Final answer:
The pH of the solution prepared by mixing 30.0 mL of 0.200 M HC₂H₃O₂ with 15.0 mL of 0.400 M KOH is 7.0, as the moles of acetic acid and KOH are equal and completely neutralize each other to form a neutral solution.
Step-by-step explanation:
To calculate the pH of a solution prepared by mixing 30.0 mL of 0.200 M HC₂H₃O₂ (acetic acid) with 15.0 mL of 0.400 M KOH (potassium hydroxide), it's important to recognize that this is a reaction between a weak acid and a strong base. The balanced equation for the reaction is:
HC₂H₃O₂ + KOH → KC₂H₃O₂ + H₂O
First, we need to calculate the moles of each reactant.

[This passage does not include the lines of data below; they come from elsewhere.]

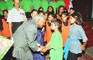 The President of India, Shri K R Narayanan being Gifted to War Windows Children and Cutting Cake at Srinagar in Jammu and Kashmir on Oct 09, 1998
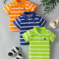Cet ensemble 3 pièces comprend de jolis polos rayés légers, parfaits pour les journées chaudes, les sorties en famille ou les occasions décontractées.
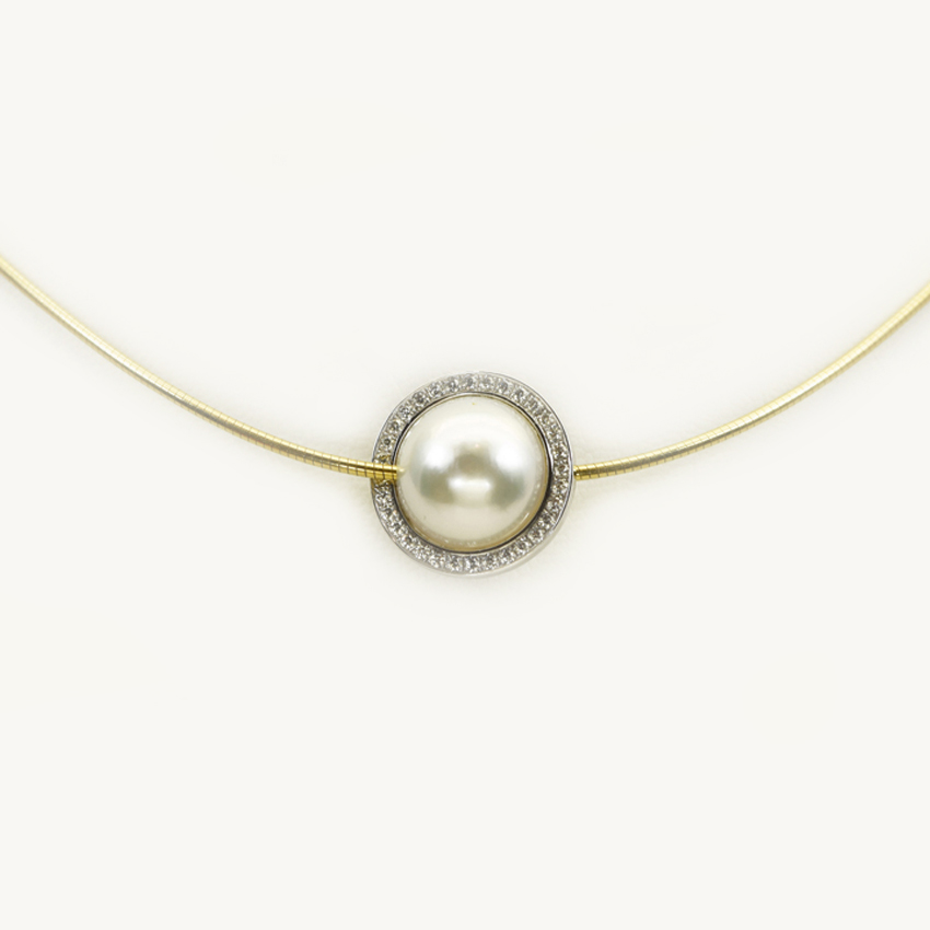 18 carats white gold – around 9,15g – white pearl – brillants (0,30 carat)
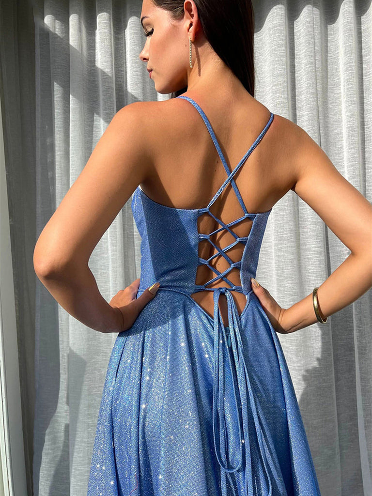 Shemmering Jersey A-line Prom Dresses, High Slit Long Prom Dresses, Unique Prom Dresses, Newest Prom Dresses
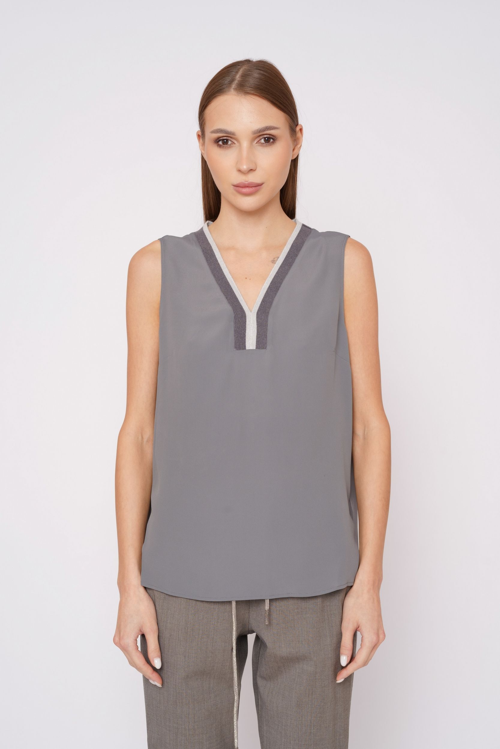 Модель прямого кроя с V-образным вырезом горловины с трикотажной отделкой.
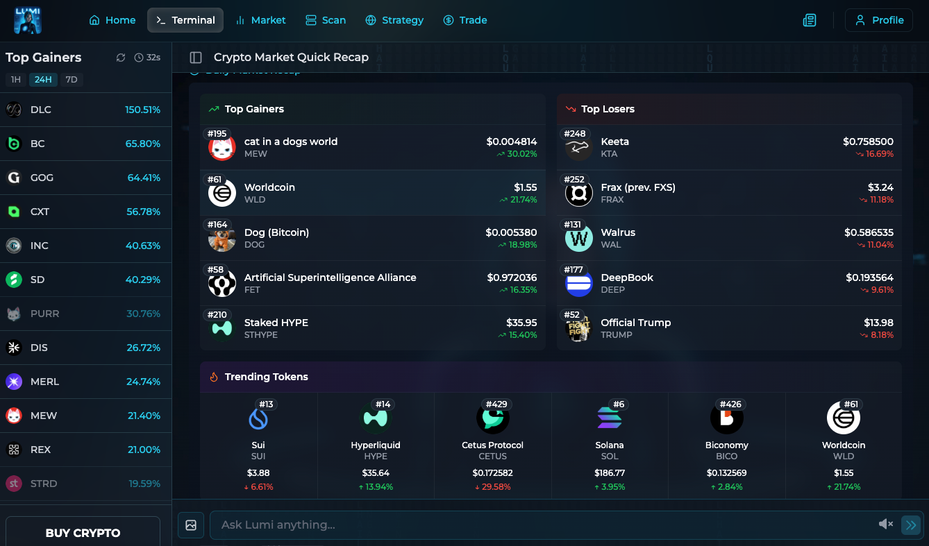 LUMI Terminal combines advanced trading tools with AI-powered insights to give you the edge in crypto markets.
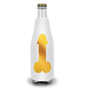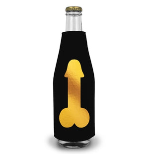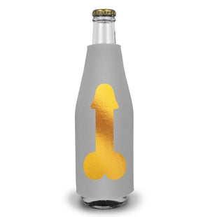This bottle cooler is perfect for a Naughty Bachelorette Party! This bottle cooler has a shiny gold foil pecker graphic. A hilarious keepsake to remember the party!
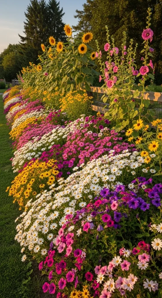 This layout not only saves space but also turns plain walls or fences into breathtaking living art.
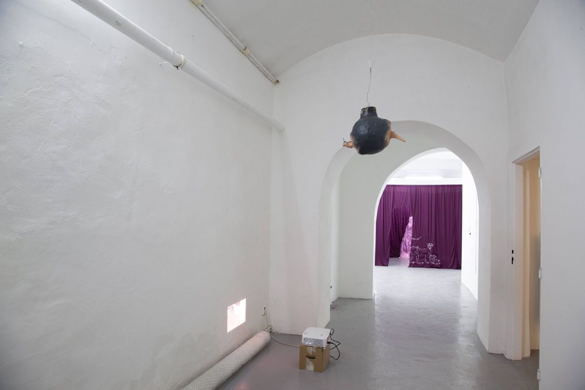 Extrait du texte (traduis en français) : Cette voix sourde doit résonner dans l’exposition, même imperceptiblement. Cette voix est la voix de l’atelier, la voix que vous ne pouvez pas entendre. Un courant d’air sur les fibres synthétiques de ma perruque et j’entends les bruits du garage d’en face et les hirondelles qui se réveillent. Il suffit d’un objet pour mettre une chaîne en mouvement, il y en a toujours un qui scelle ce qui vient avant lui. Quatre couleurs, le violet, le bleu, le rouge et le vert. Il vient souvent faire des tours de magie. Le magicien travaille pour moi, il me semble qu’il est coiffeur. Les cartes changent, vibrent, se transforment sans rien produire. L’autre, l’artiste vient plus souvent. Il dérange et range. Mais c’est peut-être la même personne. Après tout, ils se ressemblent un peu. Il y a tout ici pour faire des choses, des tréteaux, des tables pliantes, des toiles, de la peinture, de la résine, du plâtre, des gommes et des avions dans la tête. Il n’y a pas de public, mais cela n’a pas d’importance. Il existe par lui-même. Il existe pour moi. C’est de l’art. C’est comme la magie. Cela existe aussi sans public.
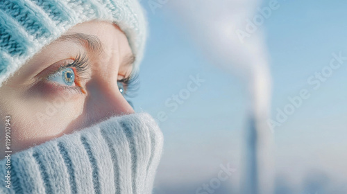 person, eye, blue, hat, foulard, winter, cold, steam, thoughtful, city, closeup, portrait, warmth, expression, landscape, chilly, fashion, cosy, gaze, atmosphere, beauty, skin, texture, emotion, sharpened, scene, nature, environment, lifestyle, urban, weather, frost, serenity, calm, peaceful
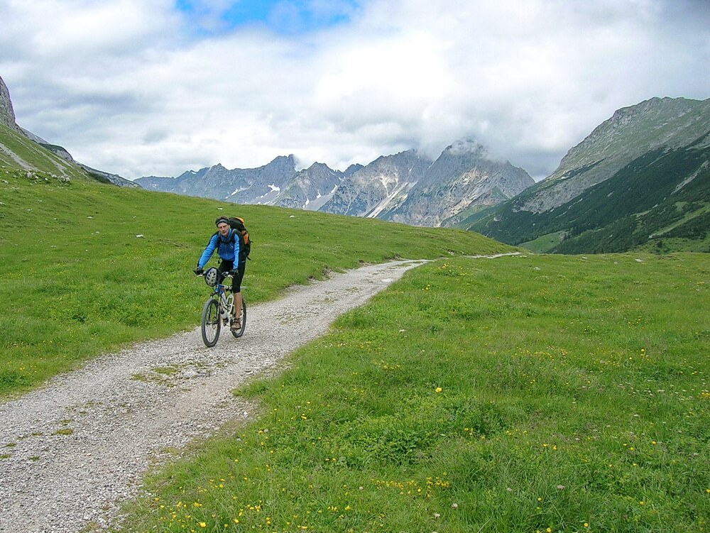 Bei der Anfahrt am Freitag Nachmittag nach München schien noch die Sonne vom strahlend blauen Himmel und es war drückend heiß. Doch das Wetter sollte sich umstellen. Am Morgen des Samstags ist der Himmel schon bedeckt, als wir mit dem Auto nach Mittenwald fahren. Anders als zum Beispiel in Oberstdorf gibt es in Mittenwald kostenfreie Dauerparkplätze für Mountainbiker: aktuelle Informationen erhält man in der Tourismusinformation. Schnell ist man dann auf dem Radweg Richtung Scharnitz. Der verläuft entlang der Isar und bietet eine schöne Einrollstrecke. Noch hält das Wetter. David und ich radeln gemütlich los und sind in kurzer Zeit in Scharnitz, dem Eingang ins Karwendeltal. Das ist schon ein beeindruckender Start einer Transalp. Sofort umfängt einen alpines Ambiente auf dem leicht zu fahrenden Schotterweg Richtung Karwendelhaus. Eine Einkehr dort schenken wir uns, da wir nicht wissen, ob es nicht zu regnen anfängt. Über den Hochalmsattel geht es zügig hinab zum Kleinen Ahornboden und durch die Schluchtstrecke des Johannestals weiter ins Rißbachtal. Dort beginnt die mäßig ansteigende Mautstraße zum Großen Ahornboden und der Engalm. Wir wollen über das Lamsenjoch, da ich auf dieser Transalp auch für das Roadbook zur DVD "Abenteuer Alpencross" www.abenteuer-alpencross.de recherchiere. Nach einer kurzen Rast an der Engalm beginnt ein steiler Aufstieg zur Binsalm und weiter zum Westlichen Lamsenjoch. Obwohl der Weg hergerichtet wurde, wird er wohl nicht für jeden komplett fahrbar sein.

- Moles of acetic acid: volume (L) × concentration (M) = 0.030 L × 0.200 M = 0.006 moles
- Moles of KOH: 0.015 L × 0.400 M = 0.006 moles
These react in a 1:1 mole ratio and will neutralize each other completely, leaving no excess acid or base. Since the molar amounts are the same, they will react completely, and no excess of the reactant will remain.
Therefore, we have a neutral solution at the end of the reaction because the stoichiometric amounts are equivalent. The pH of a neutral solution at 25°C is 7.0.
In summary, the pH of the solution prepared by mixing 30.0 mL of 0.200 M HC₂H₃O₂ with 15.0 mL of 0.400 M KOH is 7.0.